I'm borrowing an EEG device whose accompanying software also computes the FFT of the data it collects. The software provides the user with a file of EEG values and a file of FFT values computed from the EEG file, and I wanted to learn how to compute the FFT values on my own.
Here's the manufacturer's description of how they do it: "Each path contains 129 decimal values with a range of roughly -40.0 to 20.0. Each array represents FFT coefficients (expressed as Power Spectral Density) for each channel, for a frequency range from 0hz-110Hz divided into 129 bins. We use a Hamming window of 256 samples(at 220Hz), then for the next FFT we slide the window 22 samples over(1/10th of a second). This gives a 90% overlap from one window to the next.
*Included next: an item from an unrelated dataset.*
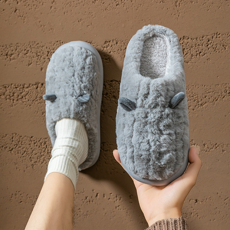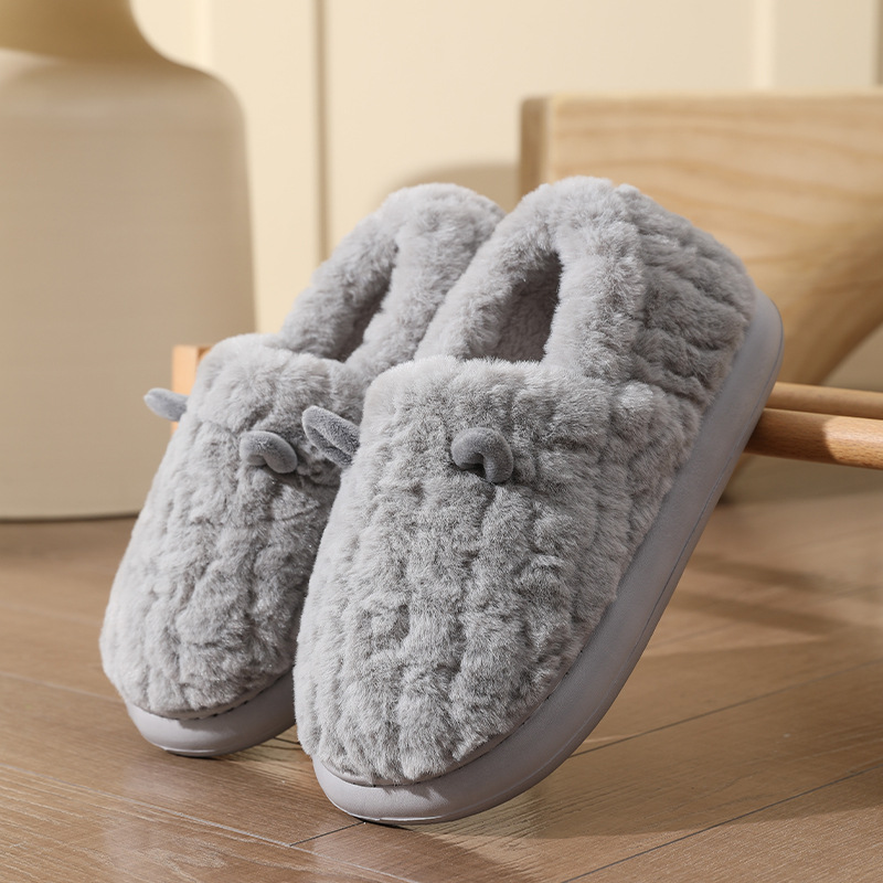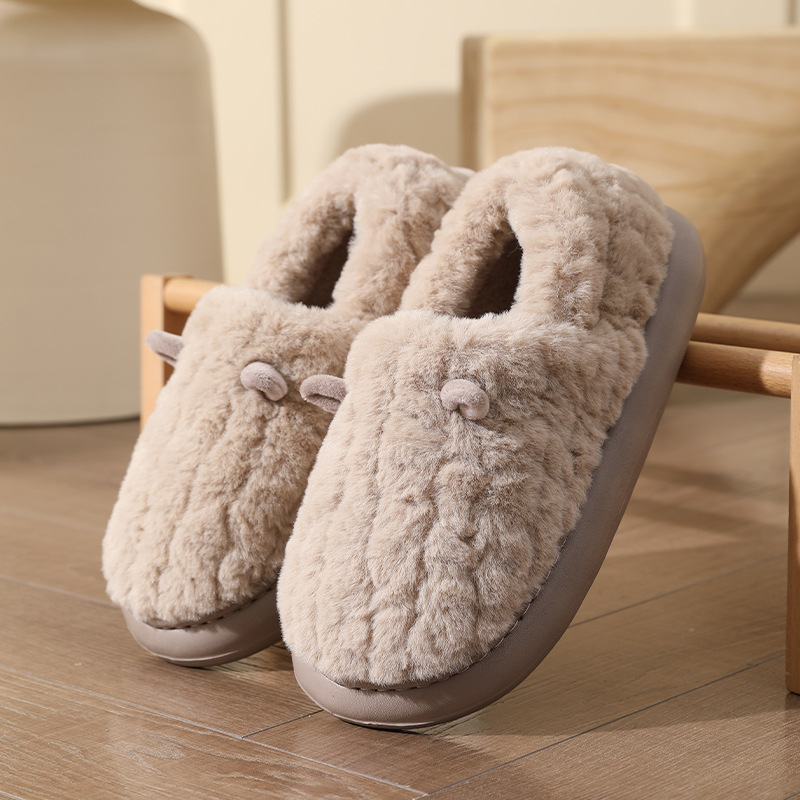 毛绒包跟棉拖鞋男2025秋冬季新款室内家居防滑保暖外穿加绒棉鞋女

These values are emitted at 10Hz."
Going through MATLAB's documentation I ended up with this code:
X = data(:, 1);
h = hamming(256);
buf = buffer(X, 256, 234);
hWin = buf.*repmat(h(:), [1, size(buf, 2)]);
Y = fft(hWin);
P2 = (abs(Y))';
P1 = P2(:, 1:256/2 + 1);
P1(:, 2:end-1) = 2*P1(:, 2:end-1);
P1 = 10 * log10(P1);
But it doesn't produce the sames values that I see in the four FFT files given to me by the manufacturer. First, let me start by saying that their EEG file contains a 193011 X 4 matrix of data, and each column corresponds to the data collected by one of the four channels/sensors on the EEG device. And with each column of data, they were able to compute four separate files, which they named raw_fft0, raw_fft1, raw_fft2, and raw_fft3. Each raw_fft file contains a 8607 X 129 matrix whose values should be somewhere between -40 and -20. The actual observed values for their FFT files are somewhere between -30 to -20 to the low-to-mid 40s.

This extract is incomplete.